Our most honored heroes are said to have made their virtue "brilliant"
and one of them engraved on his bath-tub the axiom --
"If you can renovate yourself one day, do so from day to day.
Let there be daily renovation." Our ideal for the ruler is that
the regulation of the state must commence with his regulation of himself.
It is too often forgotten that civilization, like religion,
originally came from the East. Long before Europe and America
were civilized, yea while they were still in a state of barbarism,
there were nations in the East, including China, superior to them
in manners, in education, and in government; possessed of a literature
equal to any, and of arts and sciences totally unknown in the West.
Self-preservation and self-interest make all men restless,
and so Eastern peoples gradually moved to the West taking their knowledge
with them; Western people who came into close contact with them
learned their civilization.
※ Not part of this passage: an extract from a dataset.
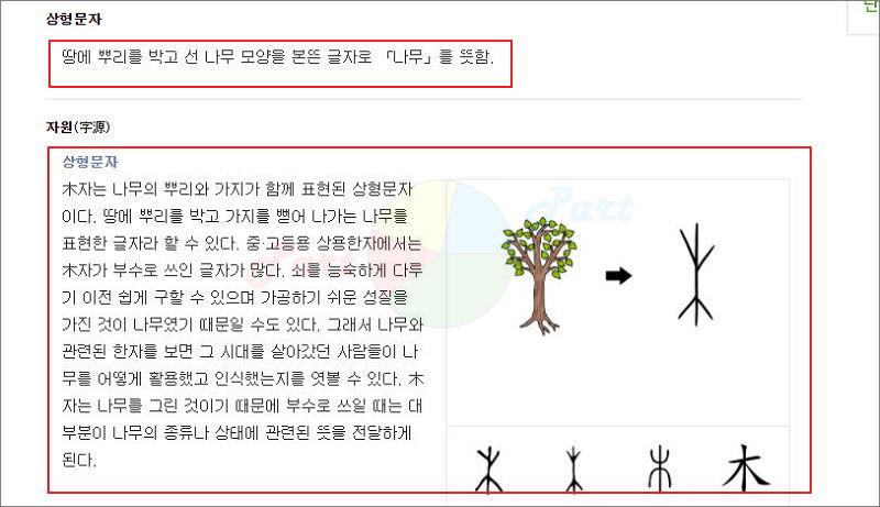▲ 네이버 한자사전을 통해 상형문자나 자원도 알아볼 수 있습니다. "나무 목"의 경우에는 나무의 모양을 본뜬 글자라고 합니다. 이런 식으로 한자가 어떻게 만들었는지 알면 오랜 기간 기억하는 데에 도움이 됩니다.

This fusion of East and West
was the beginning of Western civilization.
A Chinese proverb compares a pupil who excels his teacher to the color green,
which originates with blue but is superior to it. This may aptly be applied
to Westerners, for they originally learned literature, science, and other arts
from the East; but they have proven apt pupils and have excelled
their old masters. I wish I could find an apothegm concerning
a former master who went back to school and surpassed his clever pupil.
The non-existence of such a maxim probably indicates that no such case
has as yet occurred, but that by no means proves that it never will.